China–Kuwait relations refers to the bilateral relations between the People's Republic of China (PRC) and the State of Kuwait.

== History ==
The two countries established diplomatic relations on March 22, 1971. Kuwait was the first Gulf country to recognize the PRC. In 1990, China voted for every United Nations Security Council resolution condemning the Iraqi invasion of Kuwait, but abstained one put foreign troops on the ground due to its non-interference policy. Kuwait was the first Gulf country to sign a military cooperation deal with China in 1995. In the 1990s, Kuwait bought $186 million worth of Chinese arms. Kuwait has supported China on political issues such as Western sanctions over Tiananmen, Hong Kong National Security Law, and China's policies in Xinjiang.

In 2018, China and Kuwait signed a strategic partnership. In July 2018, the State Administration for Science, Technology and Industry for National Defence signed an agreement with the Government of Kuwait to increase cooperation in the defense industry. China also agreed to increase investment in the Kuwaiti energy sector. In July 2019, UN ambassadors of 37 countries, including Kuwait, have signed a joint letter to the UNHRC defending China's treatment of Uyghurs in the Xinjiang region. In June 2020, Kuwait was one of 53 countries backed the Hong Kong national security law at the United Nations. On March 22, 2021, General Secretary of the Chinese Communist Party Xi Jinping and Kuwaiti Emir Nawaf Al-Ahmad Al-Jaber Al-Sabah exchanged congratulatory messages on the 50th anniversary of the establishment of diplomatic relations between China and Kuwait. Chinese Premier Li Keqiang and Kuwaiti Prime Minister Sabah Al-Ahmad Al-Jaber Al-Sabah exchanged congratulatory messages.

== Economic relations ==
The governments of China and Kuwait have signed a trade agreement, an agreement on the encouragement and protection of investment, an agreement on the establishment of a joint economic and trade committee, and an agreement on the avoidance of double taxation. Since 1955, the two countries have started direct private trade. In 2008, the trade volume between China and Kuwait was US$6.784 billion, of which China exported US$1.744 billion and imported US$5.04 billion. China's main exports are mechanical and electrical products, high-tech products, textiles, etc., and its main imports are crude oil and petrochemical products. As of 2022, Kuwait ran a trade deficit with China.

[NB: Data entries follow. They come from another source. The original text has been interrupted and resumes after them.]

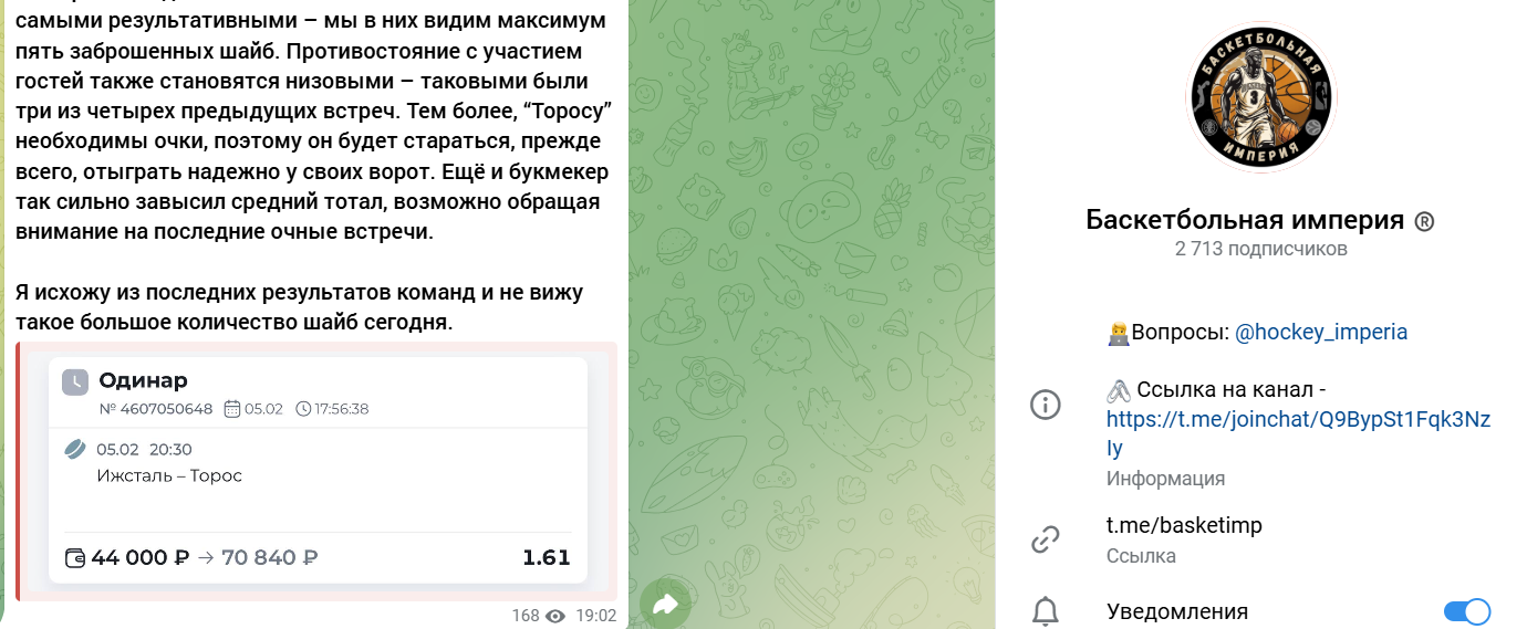 Каппер Роман: обзор ТГ канала Баскетбольная империя, статистика проходимости прогнозов и отзывы клиентов
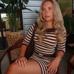 This Brook Stripe Knit Dress in Brown Natural offers a flattering off-the-shoulder design paired with a stylish belted detail, enhancing your silhouette effortlessly. Crafted for comfort and style, it’s a versatile choice that supports your confidence for any occasion.
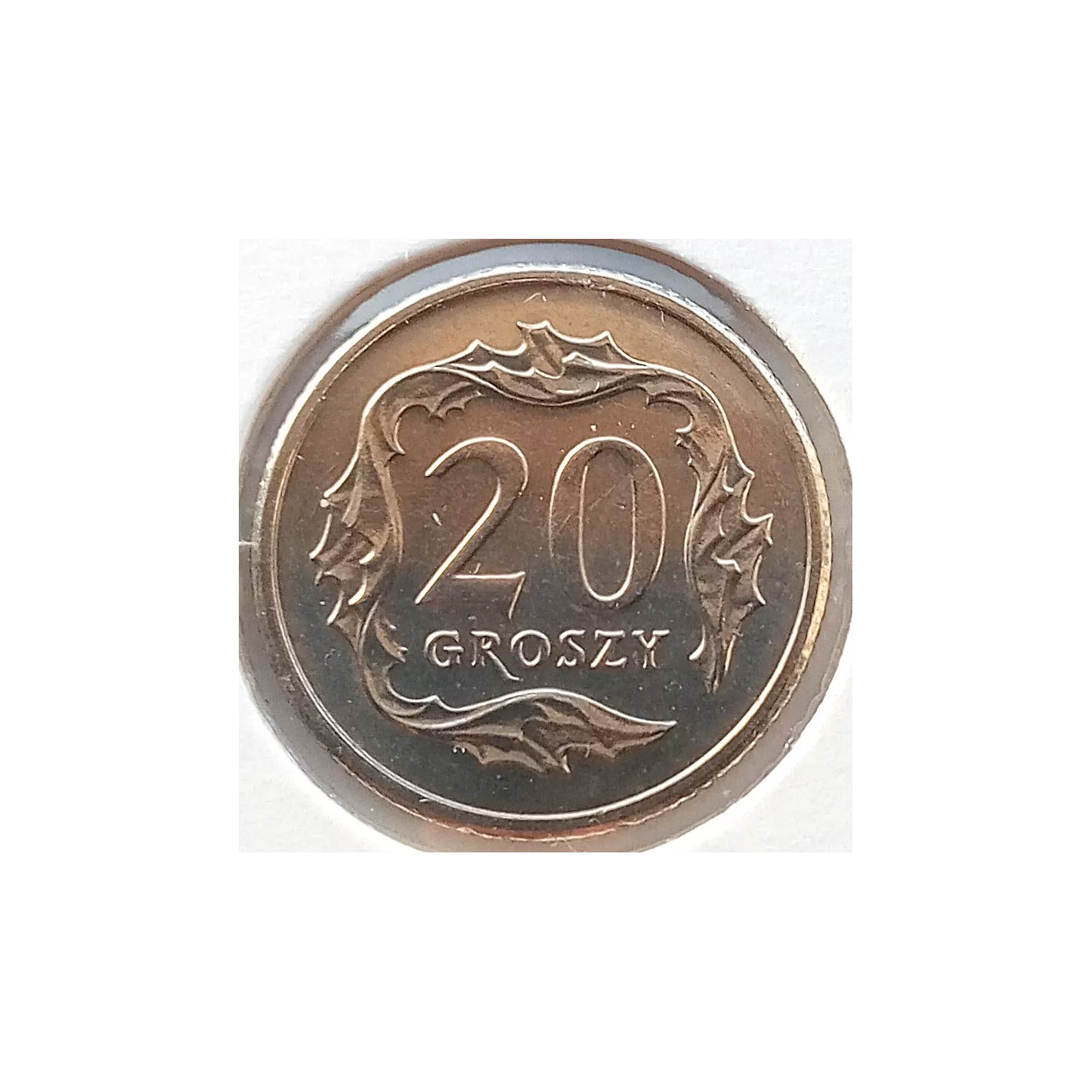 Awers: (wartość nominalna) 20 GROSZY wewnątrz kwadratowej girlandy (listkowej)
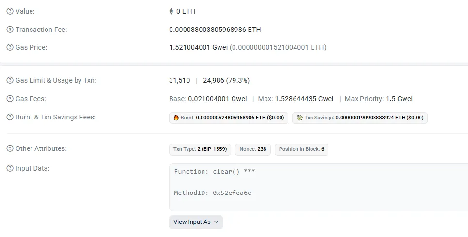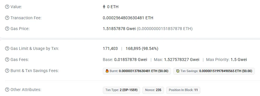 | Txn Savings | 0.000001519978490565 ETH |
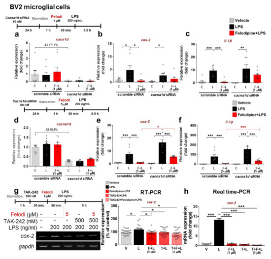 The dependence of the effects of felodipine or nitrendipine on LPS-evoked inflammatory responses on L-type Ca2+ channels was assessed by knocking down the L-type Ca2+ channel alpha subunit (cacna1d) in BV2 microglial cells. cacna1d or scramble (control) siRNA (Dharmacon, Rafayett, CO, USA) was diluted in Opti-MEM medium (Thermo Scientific, Waltham, MA, USA) and incubated with 1 µL of Lipofectamine® RNAiMAX reagent (Thermo Scientific, Waltham, MA, USA) for 30 min. The final siRNA concentration was 60 nM. The siRNA mixture was then added to cells (2.5 × 105 cells/well) in a 24-well cell culture plate. After 24 h, 1 or 5 μM L-type CCB or 1% DMSO (vehicle) was added, and 30 min later, 200 ng/mL LPS or PBS was added. Finally, real-time PCR was performed 6 h after L-type CCB or vehicle addition to measure the mRNA levels of cacna1d and the proinflammatory cytokines cox-2 and il-1β.
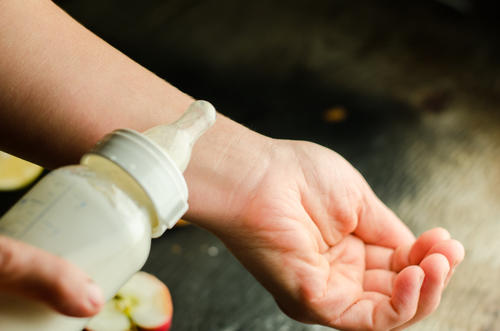 ミルクポットを使って作ったミルクでも、授乳適温ではないために冷まさなければならない。
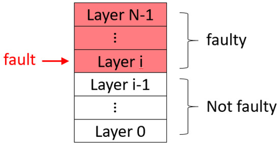 This means that a system fault in a lower layer can result in the failure of the liveness of all upper layers, but a system fault in an upper layer cannot impede the liveness of any lower layer. For example, Figure 2 is an N-layer system. When a system fault occurs at the layer (0 ≤ i ≤), all the layers above must fail. On the contrary, all the layers below the do not fail. An example in a real system: When the host network fails, the user cannot access the VM, but the host power and OS are still live. Similarly, the network being busy (transient fault) causes the VM to be temporarily inaccessible until the network becomes live again, and the VM will not be damaged after the network stops being busy.
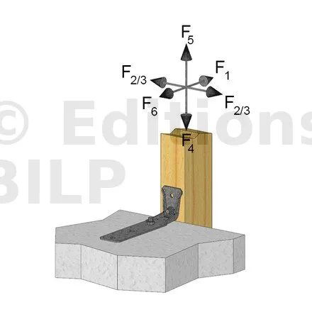 ** Se référer à la gamme de produit d’ancrage Simpson Strong Tie, type BOAXII, SET-XP, WA, AT-HP, en fonction du type de béton, des espacements et distances aux bords.
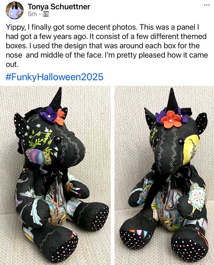 Wow, there’s a lot of fussy-cutting involved in this Kelsey Keepsake Unicorn. Tonya Schuettner explains in her caption how she used Halloween fabric panels for the project.
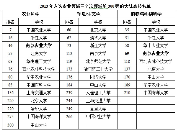 2013年入选农业领域前300强的大陆高校共11所,分别是浙江大学(38位)、中国农业大学(42位)、北京大学(88位)、南京农业大学(109位)、清华大学(125位)、华中农业大学(138位)、中山大学(187位)、西北农林科技大学(201位)、南京大学(238位)、北京师范大学(249位)、中国海洋大学(280位)。入选高校较2012年增加4所,且11所高校较2012年排名都有提升。
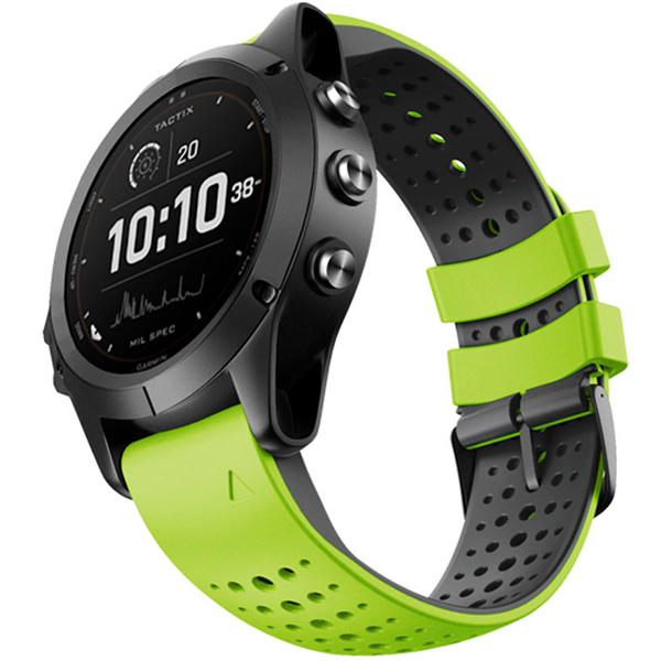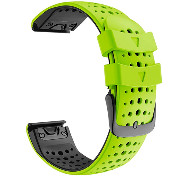Ремешок дышащий Athlet 22 мм. для Garmin Fenix 7/6/5, EPIX 2, MARQ, Forerunner 935 / 945 / 955 / 965, instinct, instinct 2 двухцветный силиконовый быстросъемный (Лайм/черный)
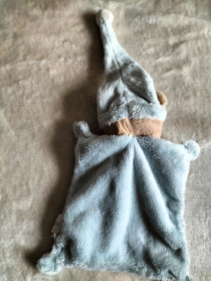 Doudou plat ourson bleu Taille environ 34 cm Du haut du bonnet jusqu'à en bas Marque nicotoy #amoula134doudou
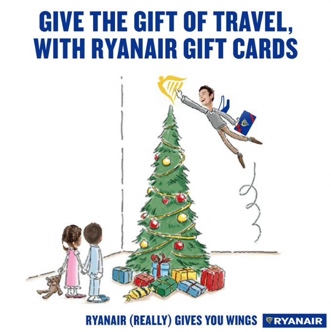 Le gift card Ryanair partono da € 25 e sono valide per viaggiare attraverso il network di rotte in continua espansione di Ryanair, quindi accedi oggi al sito web Ryanair.com per regalare un viaggio questo Natale”.
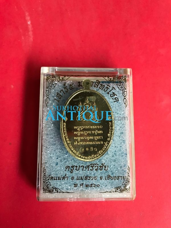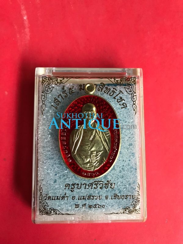 เหรียญครูบาศรีวิชัยรุ่นเสาร์ 5 มหาสิทธิโชค เนื้อทองระฆังลงยาแดง วัดแม่ตํ๋า อ.แม่สรวย จ.เชียงราย พ.ศ.2560
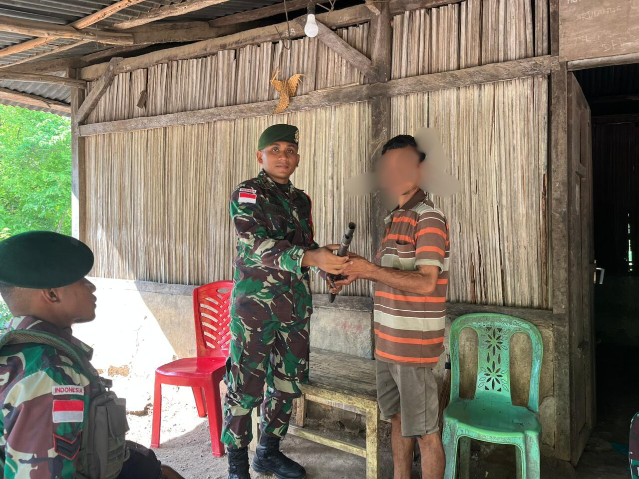 Manamas – Kepercayaan masyarakat perbatasan terhadap Satgas Pamtas RI-RDTL Sektor Barat Yonarhanud 2 Kostrad kembali bersemi. Seorang warga Desa Manamas, Kec. Naibenu, Kab. TTU, menyerahkan 1 pucuk senjata api sebagai bukti kedekatan dan kepercayaan yang terjalin, Minggu (30/11).
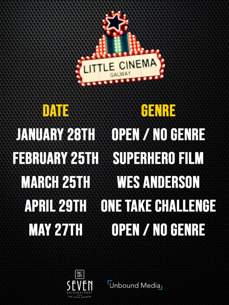 Get in touch at littlecinemagalway at gmail.com if you’d like to have something screened with us!

Kuwait Investment Authority (KIA) bought a $720 million stake in Industrial and Commercial Bank of China in 2006. By 2011, KIA had around $5.6 billion invested in Chinese companies, including the Agricultural Bank of China and CITIC Securities. Since 1982, the Kuwait Fund for Arab Economic Development has lent nearly $1 billion to China to finance provincial infrastructure projects.